Aug 15 21:37:53 Server systemd-logind[717]: System is powering down.
Aug 15 21:37:53 Server systemd[1]: 100.scope: Deactivated successfully.
Aug 15 21:37:53 Server systemd[1]: Stopped 100.scope.
Aug 15 21:37:53 Server systemd[1]: 100.scope: Consumed 1min 19.201s CPU time.
Aug 15 21:37:53 Server systemd[1]: Stopping session-1.scope - Session 1 of User root...
Aug 15 21:37:53 Server systemd[1]: Removed slice qemu.slice - Slice /qemu.
Aug 15 21:37:53 Server systemd[1]: qemu.slice: Consumed 1min 19.202s CPU time.

and get this error continuesly
Aug 15 21:45:38 Server pmxcfs[914]: [status] notice: RRDC update error /var/lib/rrdcached/db/pve2-vm/102: -1
Aug 15 21:45:38 Server pmxcfs[914]: [status] notice: RRD update error /var/lib/rrdcached/db/pve2-vm/102: /var/lib/rrdcached/db/pve2-vm/102: illegal attempt to update using time 1723751138 when last update time is 1723751139 (minimum one second step)
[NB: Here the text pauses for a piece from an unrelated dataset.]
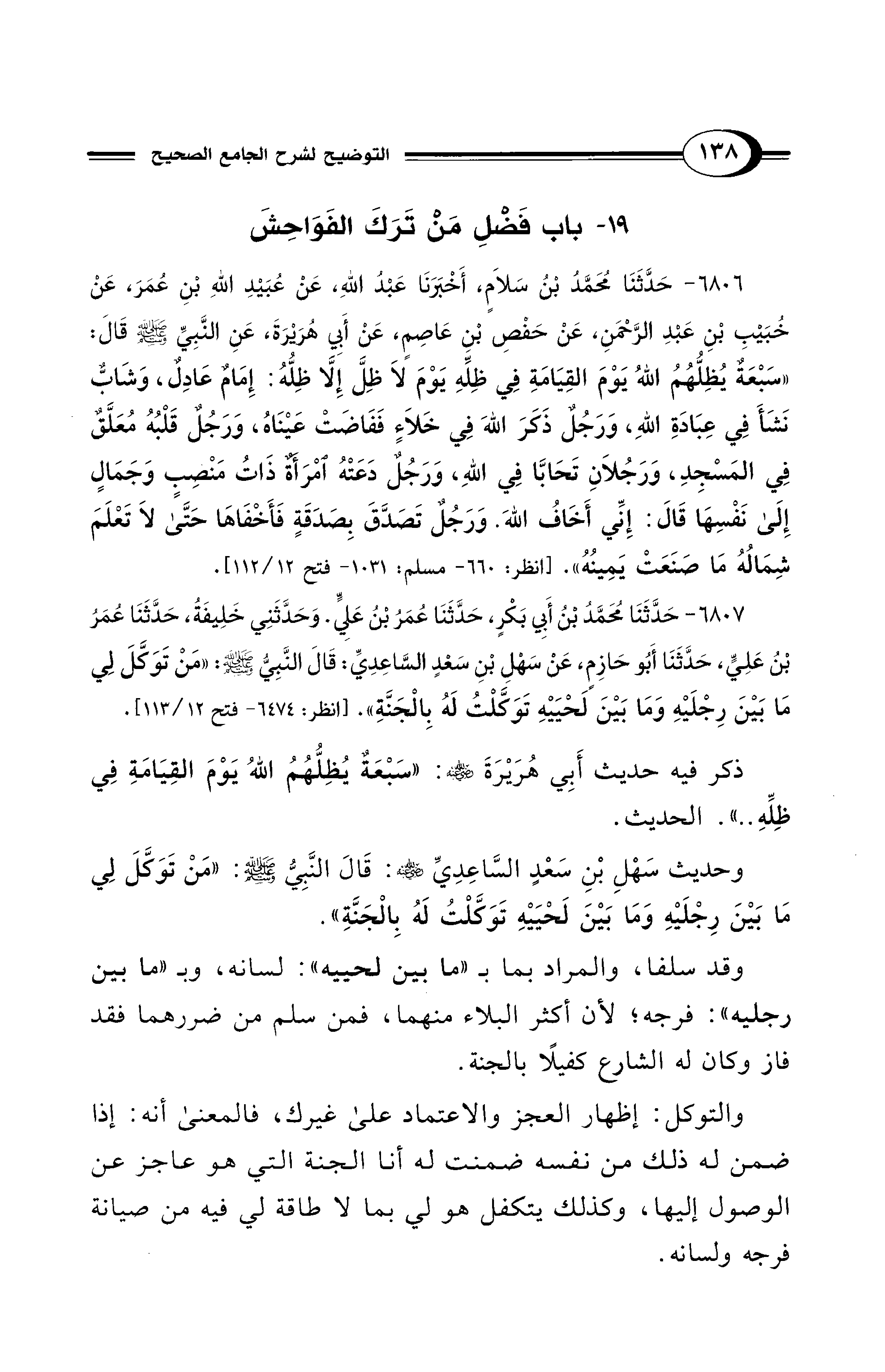 ذكر فيه حديث أَبِي هُرَيْرَةَ - رضي الله عنه -: "سَبْعَةٌ يُظِلُّهُمُ اللهُ يَوْمَ القِيَامَةِ فِي ظِلِّهِ .. ". الحديث.

Aug 15 21:45:38 Server pmxcfs[914]: [status] notice: RRDC update error /var/lib/rrdcached/db/pve2-storage/Server/local-btrfs: -1
Aug 15 21:45:38 Server pmxcfs[914]: [status] notice: RRD update error /var/lib/rrdcached/db/pve2-storage/Server/local-btrfs: /var/lib/rrdcached/db/pve2-storage/Server/local-btrfs: illegal attempt to update using time 1723751138 when last update time is 1723751139 (minimum one second step)
 
Now 30 secs of this:

ug 15 22:06:42 Server pvedaemon[1050]: Bad symbol for filehandle at /usr/lib/x86_64-linux-gnu/perl5/5.36/AnyEvent.pm line 1384.
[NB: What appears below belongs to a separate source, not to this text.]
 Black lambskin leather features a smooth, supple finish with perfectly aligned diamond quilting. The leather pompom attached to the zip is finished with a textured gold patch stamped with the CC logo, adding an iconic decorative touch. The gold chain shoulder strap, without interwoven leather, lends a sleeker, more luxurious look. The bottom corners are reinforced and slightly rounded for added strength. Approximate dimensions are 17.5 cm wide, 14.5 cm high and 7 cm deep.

Aug 15 22:06:42 Server pvedaemon[1052]: Bad symbol for filehandle at /usr/lib/x86_64-linux-gnu/perl5/5.36/AnyEvent.pm line 1384.
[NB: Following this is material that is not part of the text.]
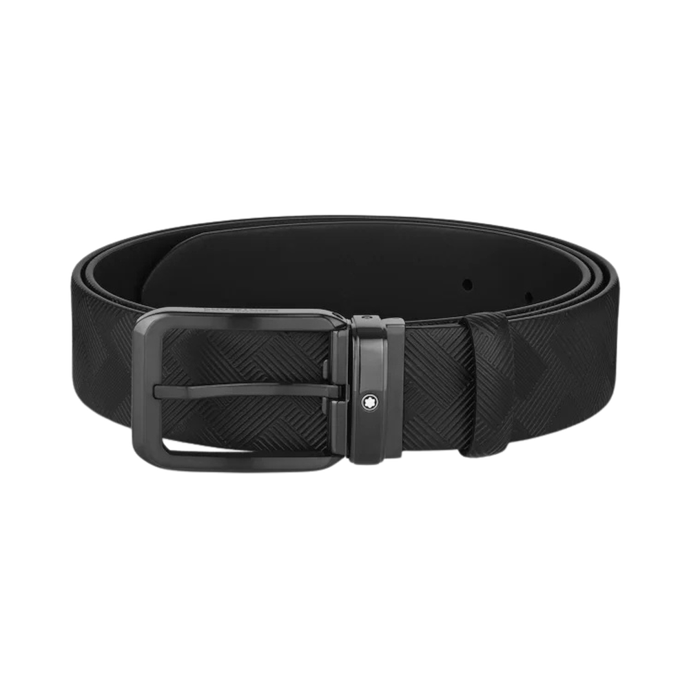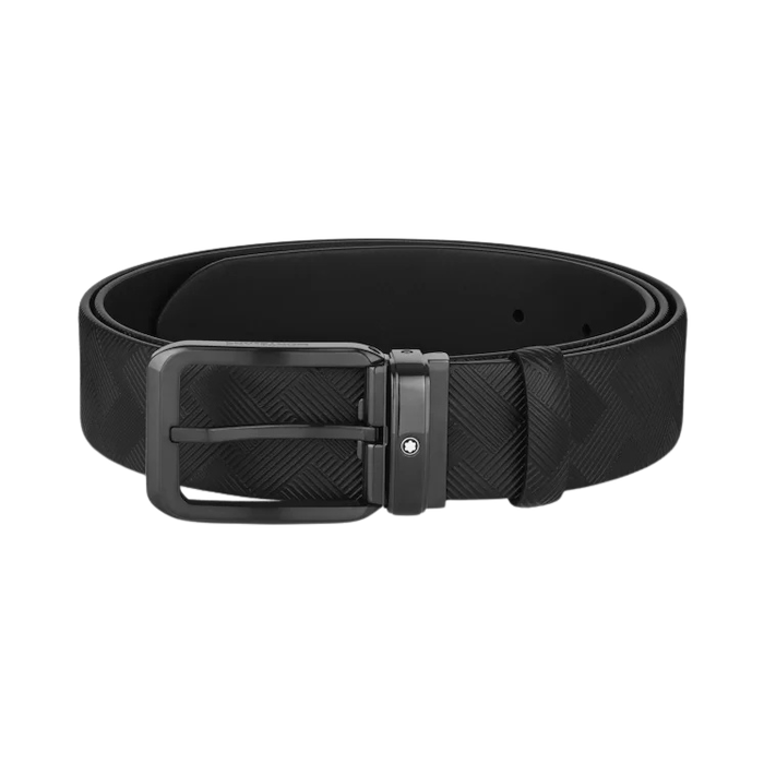 Rounded rectangular pin buckle in polished stainless steel with matt black PVD finish. Self-adjusting belt, 3.5 x 120 cm, reversible in black stamped leather with Montblanc Extreme 3.0 pattern on one side and black smooth leather on the other. Designed for a sporty look.

Aug 15 22:06:42 Server pvedaemon[1051]: Bad symbol for filehandle at /usr/lib/x86_64-linux-gnu/perl5/5.36/AnyEvent.pm line 1384.
Aug 15 22:06:42 Server pvedaemon[1050]: Bad symbol for filehandle at /usr/lib/x86_64-linux-gnu/perl5/5.36/AnyEvent.pm line 1384.
Aug 15 22:07:10 Server systemd-journald[391]: Suppressed 1493274 messages from pvedaemon.service
Aug 15 22:07:10 Server pvedaemon[1050]: Can't use an undefined value as a symbol reference at /usr/share/perl5/PVE/APIServer/AnyEvent.pm line 1879.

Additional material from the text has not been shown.